Oh, it was a cheery place, all right, this great empire of Russia as I first saw it in the autumn of '54—a great ill-worked wilderness ruled by a small landed aristocracy with their feet on the necks of a huge human-animal population, with Cossack devils keeping order when required. It was a brutal, backward place, for the rulers were ever fearful of the serfs, and held back everything educational or progressive—even the railway was discouraged, in case it should prove to be revolutionary—and with discontent every-where, especially among those serfs who had managed to better themselves a little, and murmurings of revolt, the iron hand of government was pressing ever harder. The "white terror", as they called the secret police, were everywhere; the whole population was on their books, and everyone had to have his "billet", his "ticket to live"—without it you were nobody, you did not exist. Even the nobility feared the police, and it was from a landlord that I heard the Russian saying about being in jail -
"Only there shall we sleep sound, for only there are we safe. "21
The land we travelled through was
a fit place for such people—indeed, you have to see it to understand why they are what they are. I've seen big countries before—the American plains on the old wagon-trails west of St Louis, with the whispering grasses waving away and away to the very edge of the world, or the Saskatchewan prairies in grasshopper time, dun and empty under the biggest sky on earth. But Russia is bigger: there is no sky, only empty space overhead, and no horizon, only a distant haze, and endless miles of sun-scorched rank grass and emptiness. The few miserable hamlets, each with its rickety church, only seemed to emphasize the loneliness of that huge plain, imprisoning by its very emptiness—there are no hills for a man to climb into or to catch his imagination, nowhere to go: no wonder it binds its people to it.

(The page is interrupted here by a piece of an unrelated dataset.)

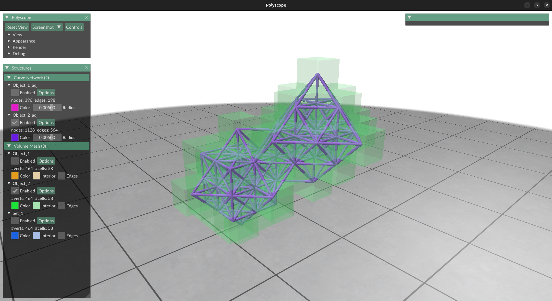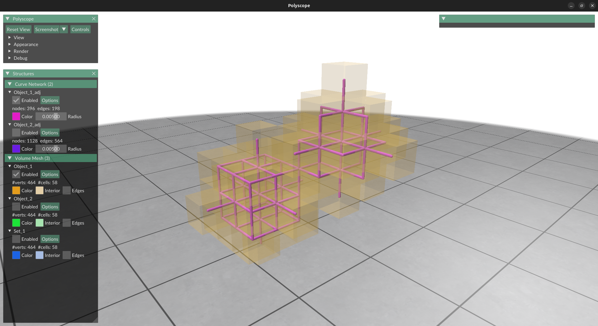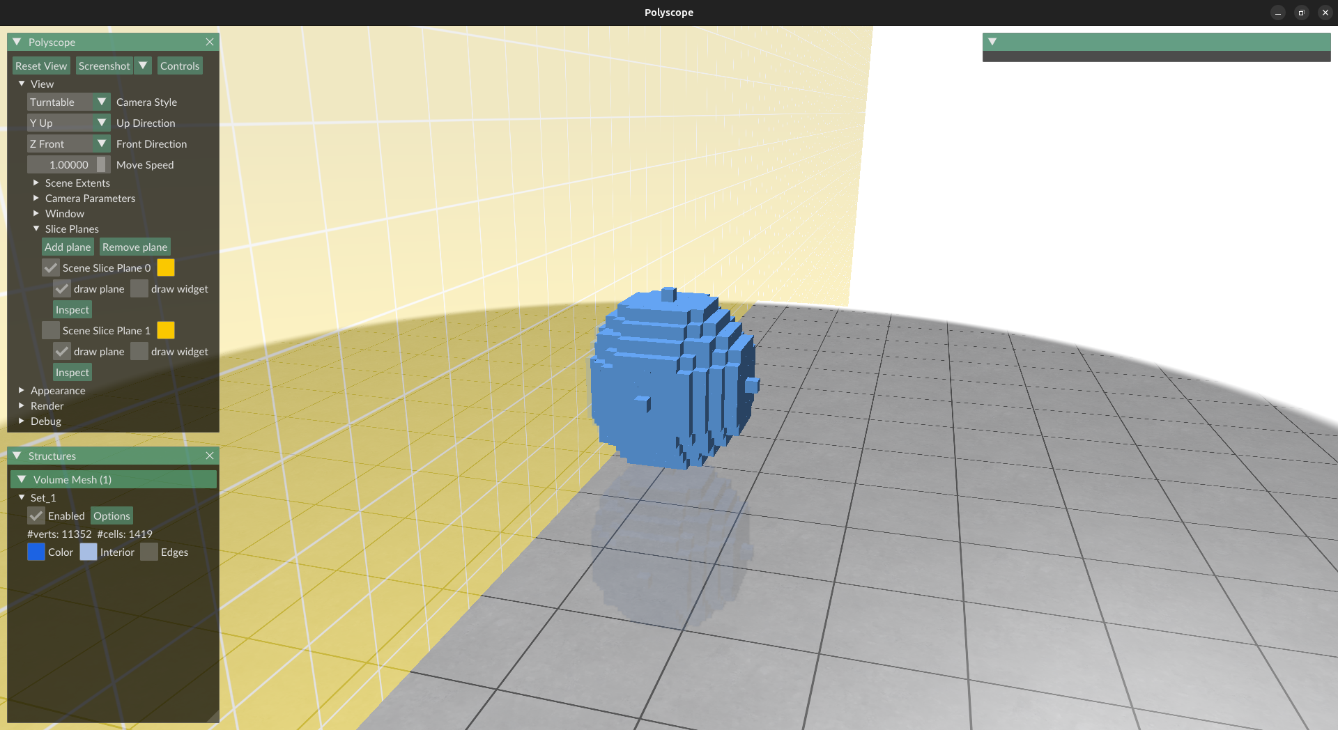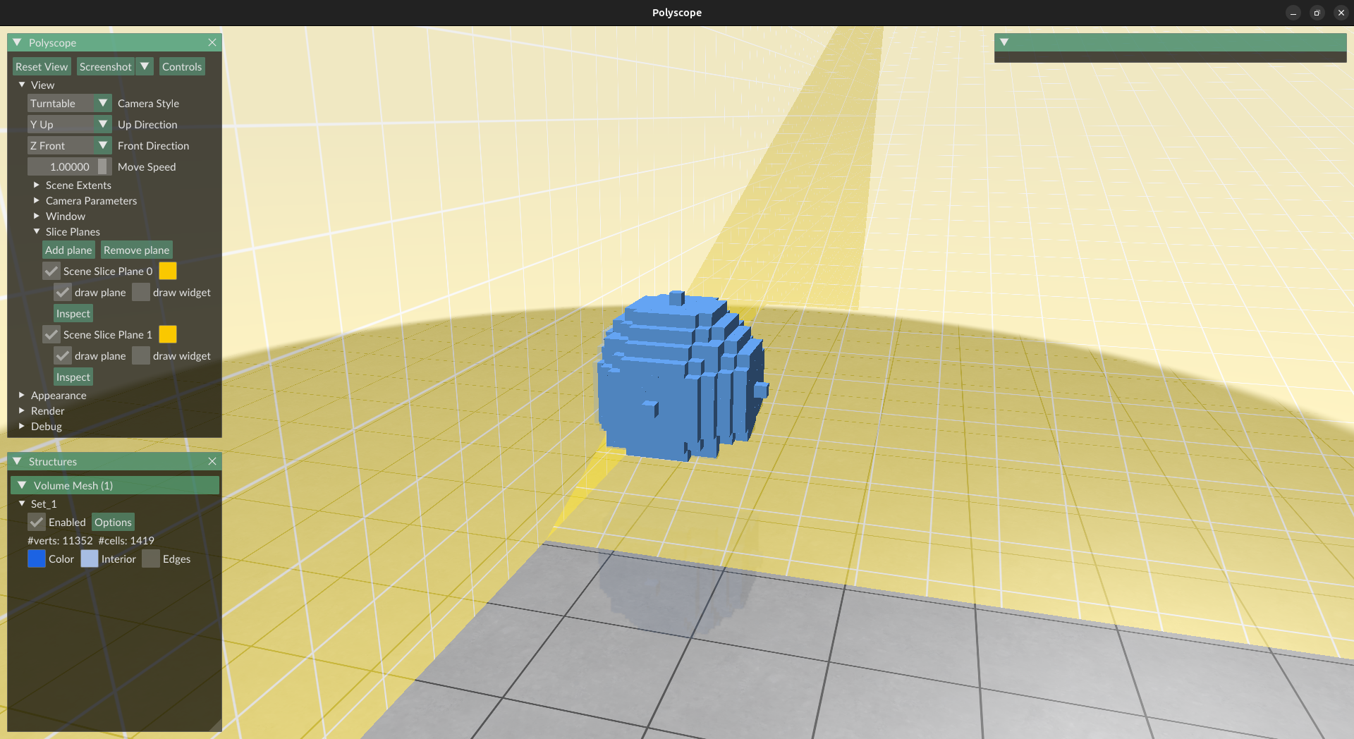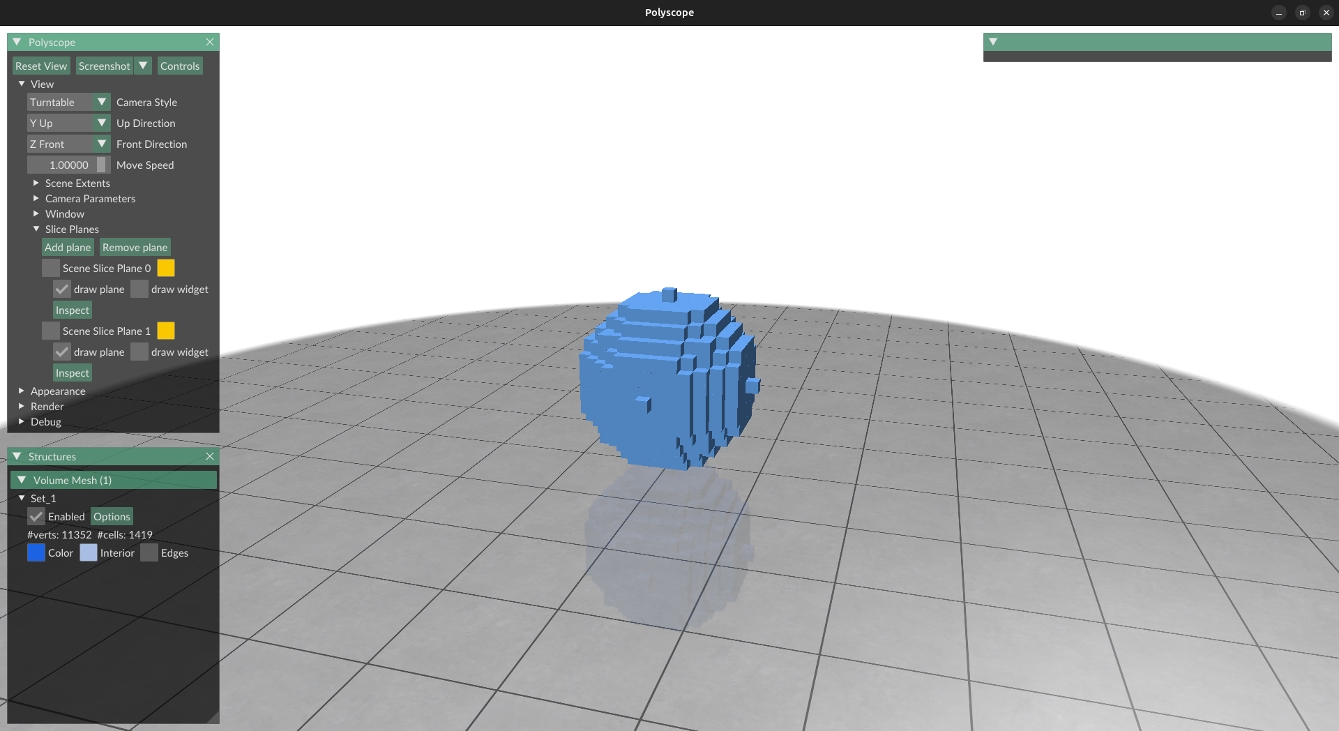 cmake step, e.g. with cmake .. -DGTAL_WITH_POLYSCOPE_VIEWER=true.The class PolyscopeViewer is a wrapper around the Polyscope library ( https://polyscope.run ). It permits displaying geometrical data such as Point, Lines and (volumetric) meshes. The library handles 3D scenes movement and allows to attributes of displayed objects (such as colors and colormaps). The graphical interface is based on ImGUI (https://github.com/ocornut/imgui) which can be further extended.

It appalled me, as we rolled along, with nothing to do but strain your eyes for the next village, soaked by the rain or sweating in the sun, or sometimes huddling against the first wintry gusts that swept the steppes—they seemed to have all weathers together, and all bad. For amusement, of course, you could try to determine which stink was more offensive—the garlic chewed by the driver or the grease of his axles—or watch the shuttlecocks of the wind-witch plant being blown to and fro. I've known dreary, depressing journeys, but that was the limit; I'd sooner walk throug Wales.
The truth is, I was beginning to find Russia a frightening place, with its brooding, brutish people and countryside to match; one began to lose the sense of space and time. The only reliefs were provided by our halts at the way-stations—poor, flea-ridden places with atrocious accommodation and worse food. You'd been able to get decent beef in the Crimea for a penny a pound, but here it was stchee and borsch, which are cabbage soups, horse-meat porridge, and sweet flour tarts, which were the only palatable things available. That, and their tea, kept me alive; the tea is good, provided you can get "caravan tea", which is Chinese, and the best. The wine they may put back in the moujiks*(*Peasants.) for me.